Return the data below unchanged, without images.

Data excerpt>
○ ○ ○ ○

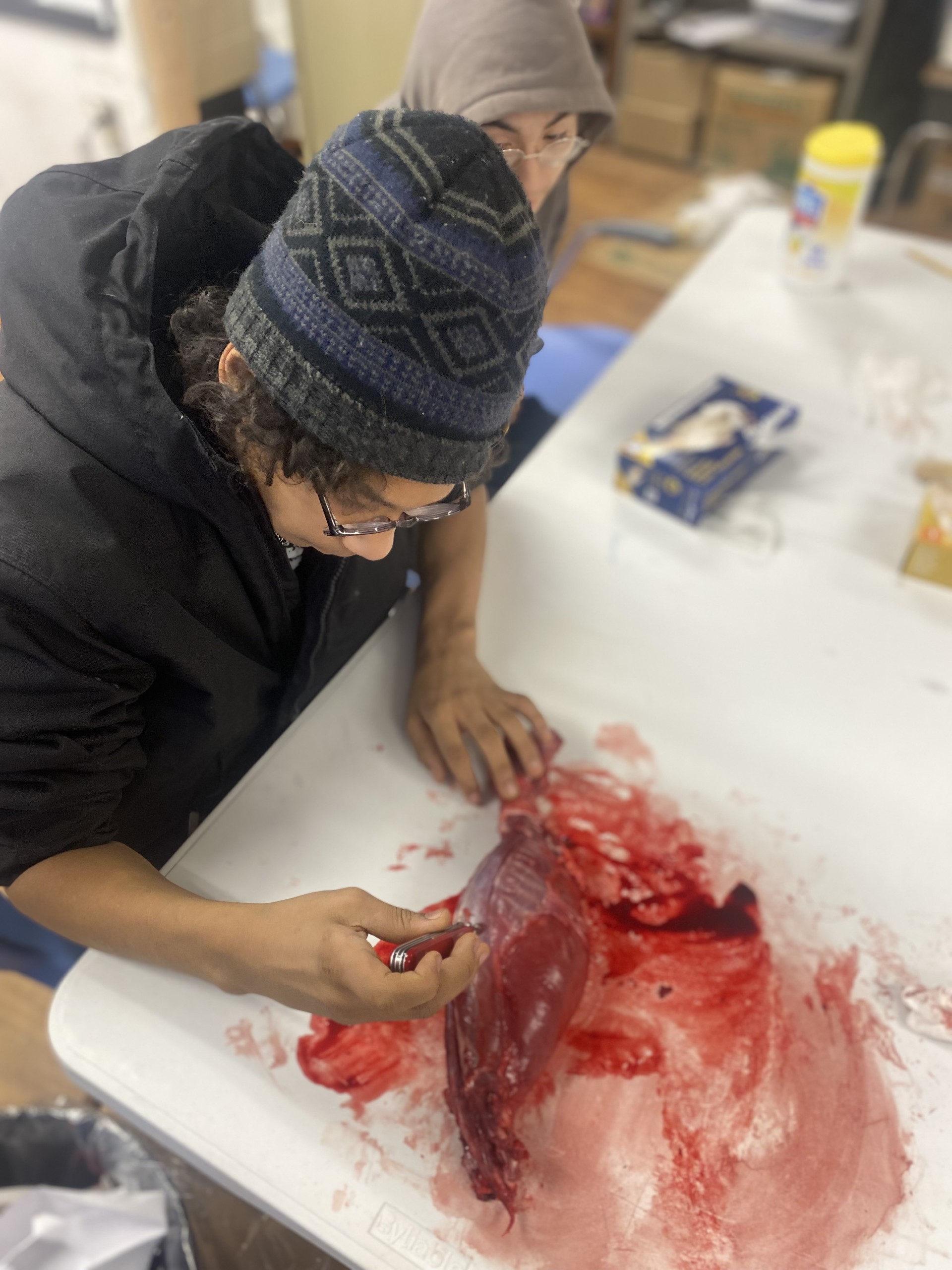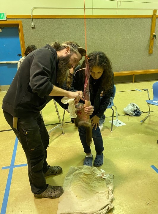 Ryan Bandy showing a student how to skin and preserve the fur of a marten.
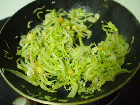 양배추, 달래 다 넣고, 소금 후추 간 약간 해주고 볶아서 따로 둡니다.
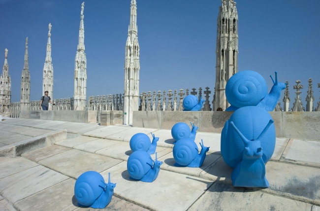 Me han hecho gracia los extraños caracoles azules que aparecieron en el rejado de la Catedral de Milán hace unos años .

○ ○ ○ ○

Written answer>
 Ryan Bandy showing a student how to skin and preserve the fur of a marten.
 양배추, 달래 다 넣고, 소금 후추 간 약간 해주고 볶아서 따로 둡니다.
 Me han hecho gracia los extraños caracoles azules que aparecieron en el rejado de la Catedral de Milán hace unos años .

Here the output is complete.